Dakotan T-words and their equivalents in Siouan

Rory M Larson rlarson at unlnotes.unl.edu
Mon May 8 20:09:09 UTC 2006


John wrote:
> > a'qtaN            How possible?
>
> I'm thinking that the reading for this one is more like "how on earth"
than "how can," but I'd be very interested to heat the contemporary take
on this!  I think the morphosyntax is a=xt(i)=aN, with aN being the aN
that appears more below.

Yes, I think we're trying to represent the same idea in English.  This
seems to be a rhetorical question word expressing astonished skepticism
about a previously mentioned idea.  It is usually found in combination with
the potential marker after the concept.  I had some trouble at first
getting our speakers to recognize it, but the elder one finally did in a
sentence that I think she partially volunteered:

  A'qtaN at?e' tte ?
  How is it that I should die?

expressed, perhaps, by an older person accused by their doctor of being
about ready to drop into their grave.  "I'm too tough to die!"
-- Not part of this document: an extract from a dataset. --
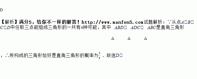 (2016四川省达州市)如图,在5×5的正方形网格中,从在格点上的点A,B,C,D中任取三点,所构成的三角形恰好是直角三角形的概率为( )

> Is there a variant eaxtaN, or am I crossing this up with something else?

If there is, I haven't run across it yet.


> > e?aN'-qti         what great (person)?          [023:12]
>
> In effect "who on earth"?

Or perhaps: "Who the heck do you think you are?"  This is Rabbit's response
to the giant after the latter's first sally of verbal abuse.


>> E'be              who?
>
> See if you can find a consistent difference between e'be and ebe'.
Dorsey
suggests there is one.  This could be right or wrong.

I asked our younger speaker about this.  She thought for a moment and
answered that she didn't think ebe was ever accented on the first syllable:
ebe', never e'be.  The word I pulled from Dorsey was marked as e'be.
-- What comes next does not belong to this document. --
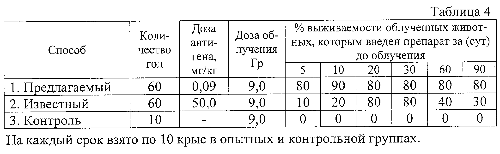 Пример 7. Сроки наступления радиорезистентности и ее продолжительность проверены на 130 белых крысах, иммунизированных за 5, 10, 20, 30, 60 и 90 дней до летального облучения (9,0 Гр). Для сравнения параллельно проводили опыты с использованием известного способа. Результаты сравнительных опытов представлены в табл. 4.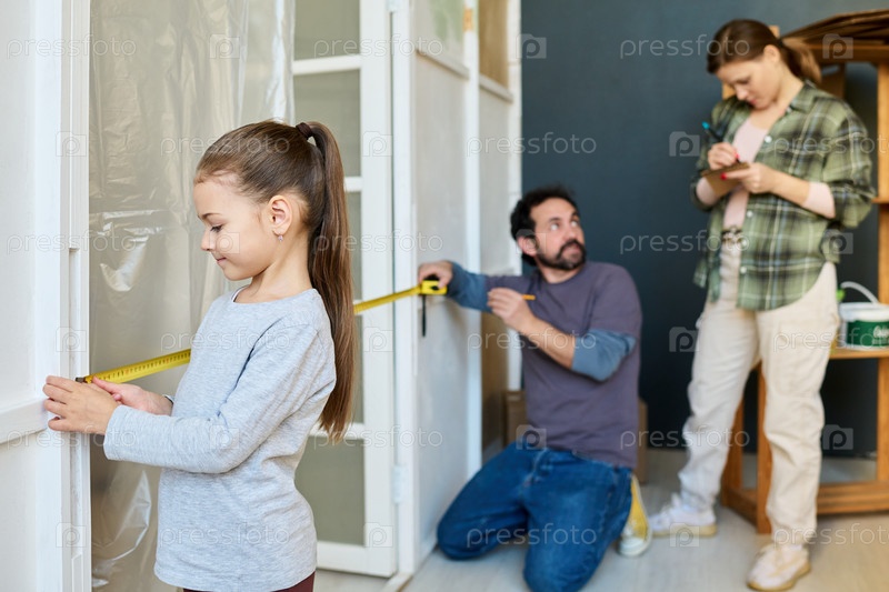 Девушка помогает родителям с ремонтом

> I gather than no one hears a difference between these today?  I think
that
there is one in the texts, along the lines of indefinite (no particular
answer imagined) vs. definite (some particular set of answers imagined,
i.e., more like which).

No, our speakers recognize the difference.  We (Mark and I) have had a
little trouble with the semantics, but I think your explanation comes close
to the mark.  Our younger speaker has tried to explain the difference to us
a couple of times, and she keeps coming back to the idea that eda'daN is
more exact or specific than iNda'daN.


> [...] except that there are those aNwa or awaN forms meaning 'other'.
(In which w is often m.)

There is an aN'ma, 'other', which seems to be rather rarely used.  I'm not
familiar with an aNwa variant.


> > atHaN'-qti        whenever; when (I next touch ground ...)
>
> Hmm.  I wonder if this is atH(e) + aN=xti 'when on earth', by analogy
with
(e)axtaN 'how on earth' and eaNxti 'who on earth'.

Perhaps etymologically, but I'm pretty sure that atHoN' is a question word
in its own right both today and in the 19th century.  In Dorsey it seems to
be used to ask about time, i.e., the word for 'when'.  For asking about
what time it is today, the answer seems to be mi'daNbe a'naN ?, "How many
hours?", or mi'daNbe atHoN' (a)?, "Hourwise, how long?"  Our younger
speaker told me that atHoN' by itself, unqualified by mi'daNbe, means "How
long", e.g., for the length of a board.  (I've checked and confirmed that
the t is aspirated.)


> [...]  For 'why' it's (e)attaN.  (I've nver been quite
sure if it was =ttaN or tHaN here.)

It's =ttaN.  I checked with the speakers on this, and it is definitely
tense.  Also, they deny that attaN can ever be used alone; it must be
ea'ttaN.  The plain attaN version is from Dorsey.


> Since the inspiration came to me that -e in
various contexts is a "cleft" or "focus" marker, I've tended to see the
intial e-'s in question forms in that light, but fused proclitically to
the following element rather than enclitically to the preceding.

I've generally understood the initial e- in forms like edi, egaN, etc. to
be a generic 3rd person pronoun that is used to wrap up the preceding
complex noun phrase into a singularity that can then be dealt with
grammatically in a standard way.  It would be about like certain dialects
of English that allow:

  The guy that was here to paint the house and got Mom's cat out of the
tree, he got into an accident on the way home.

with e- in Omaha used like he in the above English sentence.  Is this what
you mean by a "cleft" or "focus marker"?